The Journalist Season 1 Ending Explained
The Journalist Season 1 Ending Explained (Image Credit: Netflix)

The Journalist Season 1 Ending Explained

Last Updated on January 20, 2022 by Joydeep Ghosh

The Japanese drama, The Journalist Season 1 landed on Netflix on January 13, 2022.

Written by Yoshitatsu Yamada and Kazuhisa Kodera and directed by Michihito Fuji, The Journalist Season 1 exposes the corrupt malpractices being carried out by those in powerful positions.

The Journalist Season 1 is a political drama about the nexus between the politicians and the bureaucrats to satisfy their selfish ends. It is also about the struggle of a journalist, the fourth pillar of a democratic setup, to expose these scams before the public.

This saga of power (rather a misuse of power) is relatable and quite universal. Though the story of The Journalist Season 1 is based in Japan, this could be any democratic country of the world.

The manner in which the influential people benefit heavily from their positions, how the whistleblowers are made to disappear, and how even the honest ones are also forced to support these malpractices is what is presently happening around the world.

The Journalist Season 1 Ending Explained
The Journalist Season 1 Ending Explained (Image Credit: Netflix)

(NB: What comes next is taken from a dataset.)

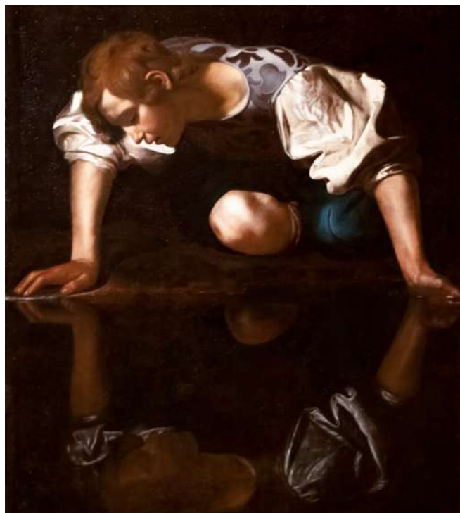
Michelangelo Merisi da Caravaggio (1571-1610), Narcis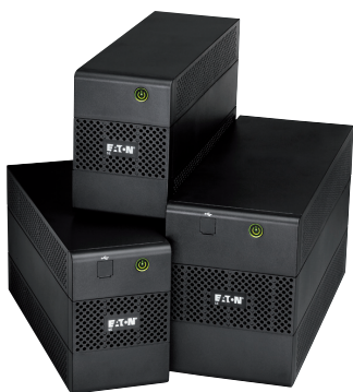
ИБП серии 5E

The Plot of The Journalist Season 1

The titular journalist is Anna Matsuda, played by Ryoko Yonekura, who works for Toto news. Anna is a well known and respected journalist who takes it upon herself to deep dive to the bottom of every story.

At the beginning of The Journalist Season 1, we find Anna asking uncomfortable questions to the business tycoon Shinjiro Toyoda. Toyoda had claimed substantial government subsidies for an Artificial Intelligence Development project, which existed only on paper.

Anna’s brother Kihei Matsuda, who worked in Toyoda’s company, tried to act as a whistleblower. However, under mysterious circumstances, he goes into a vegetative state where he is unable to take any action.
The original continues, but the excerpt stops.